Despite the government’s Rs 2.11-lakh crore recapitalization package for public sector banks (PSBs), Christopher Wood, managing director and equity strategist at CLSA chose not to add these stocks to his portfolio citing the runaway rally in these stocks. He, however, says that the step is in the right direction and will go a long way in meeting the capital requirement of these cash-starved PSBs.
“What GREED & fear has long been waiting for has finally happened in India. That is the announcement by India’s Ministry of Finance on Tuesday of a proposed recapitalisation of the banking system over the next two years. The sum allocated is sufficient to meet the public sector banks’ recapitalisation requirements,” Wood wrote in his weekly note to investors.
Adding: “Unsurprisingly, the share prices of the public sector banks have soared on the news as relative-return fund managers have sought to protect themselves against the trade out of ‘growth’ to ‘value’. Still GREED & fear is not going to add public sector banks to the Asia ex-Japan long-only portfolio today, since a lot has already been discounted given such violent share price moves.”
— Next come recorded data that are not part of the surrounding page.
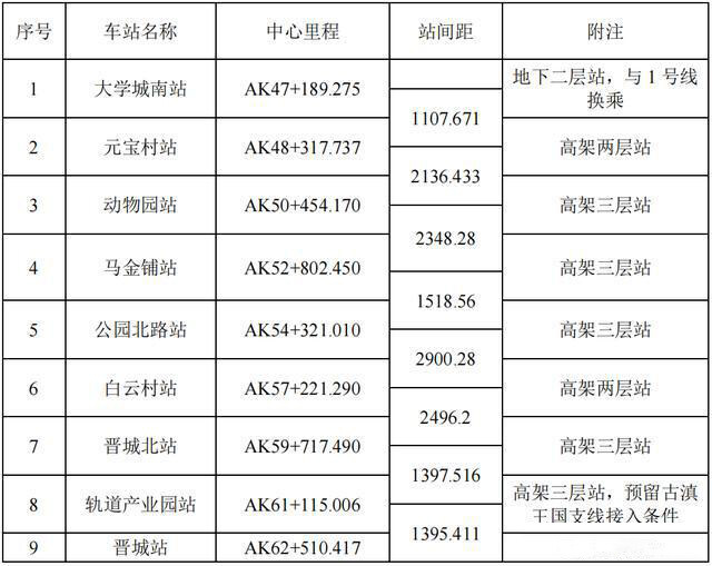 线路起讫点为大学城南站~晋城南站。全长18.2km,地下线约0.6km。全线共设车站10座(其中地下车站1座,高架车站9座),平均站间距2km。设车辆基地1座(晋城车辆段),1座主变电所(公园北路主所)及相配套的车辆和机电设备。
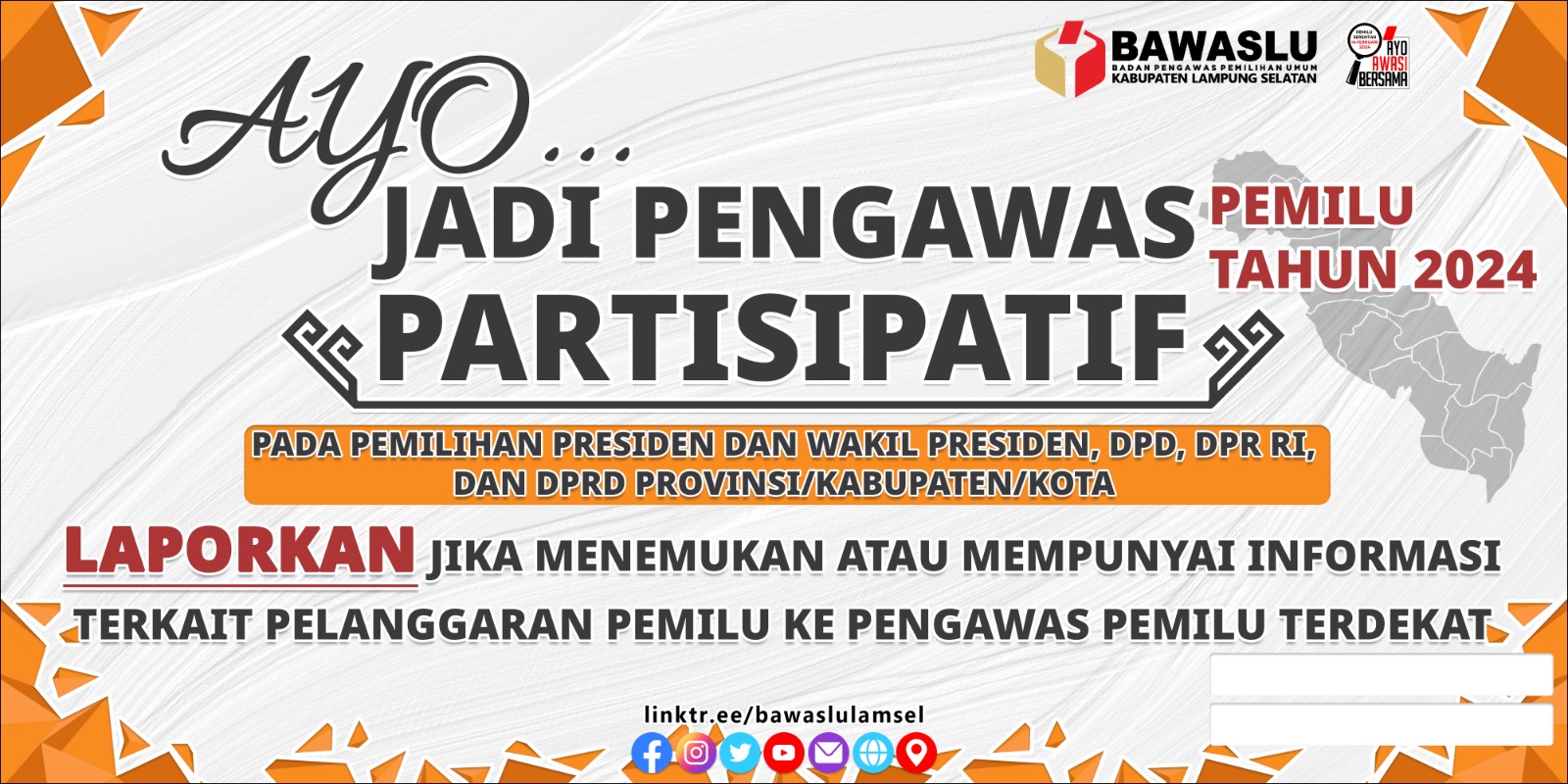Ayo jadi pengawas partisipatif untuk pemilu tahun 2024 pada pemilihan presiden dan wakil presiden, DPD, DPR RI dan DPRD Provinsi dan DPRD Kabupaten/Kota.
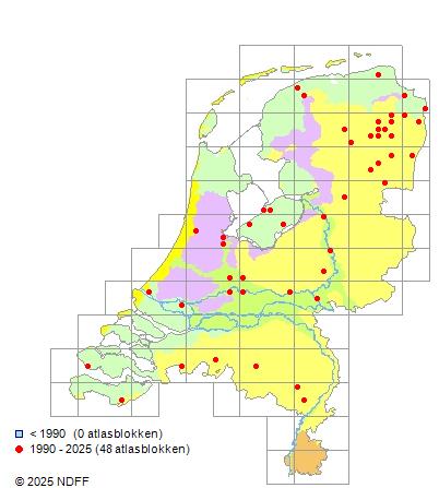 Het aantal atlasblokken (5x5 km) waarin de soort is gemeld binnen een periode van vijf jaar (vanaf 1980) of twintig jaar. Niet gecorrigeerd voor waarnemersinspanning en het aantal doorgegeven waarnemingen kan sterk variëren per periode, dus een trend in verspreiding kan hier niet direct uit worden afgelezen. Het opgegeven jaartal is het eerste jaar van de periode. Bron: gevalideerde waarnemingen uit de NDFF.
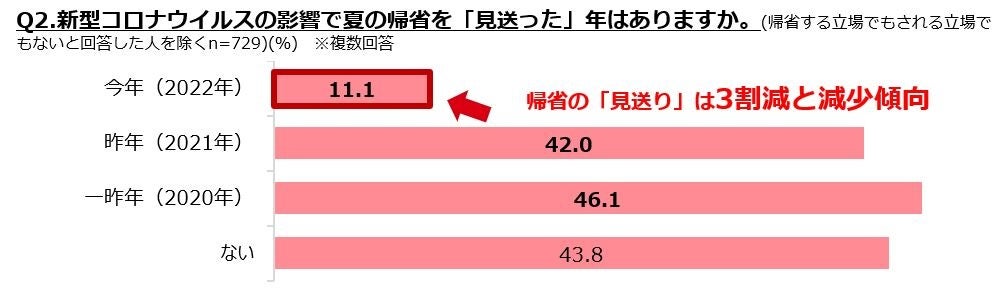 ・感染拡大の影響による帰省見送りは、過去2年は40%以上だったが、今年は3割以上減って11%に。
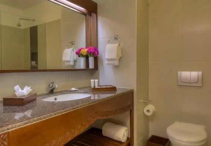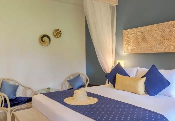 Resorten består av 165 rum, som alla har sin egen balkong eller terrass. Rummen är placerade i stugor i natursköna omgivningar. Samtliga rum har gratis wifi, minibar, te- och kaffefaciliteter, myggnät och aircondition.
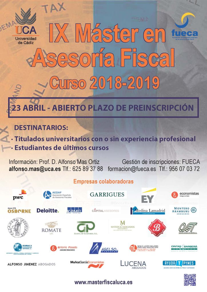 Destacar asimismo que el claustro del curso está compuesto por profesionales del asesoramiento y la consultoría tributaria, personal de la Administración Tributaria y profesores de la UCA.

Since the announcement on October 24, the Nifty PSU Bank index has rallied nearly 29%, as compared to 1.3% rise in the benchmark Nifty50 index, ACE Equity data show. The rally in individual stocks has been sharper with Punjab National Bank (up 54%), Union Bank of India (42%), Bank of India (37%), Canara Bank (33%), Bank of Baroda (30%) and State Bank of India (26%) topping the charts during this period, ACE Equity data show.
The failure to address the banking sector issue more proactively has been the one major piece of unfinished business in the Modi administration, Wood says. The vacuum should now be filled, which means it is now realistic to look forward to a new credit and investment cycle, he believes.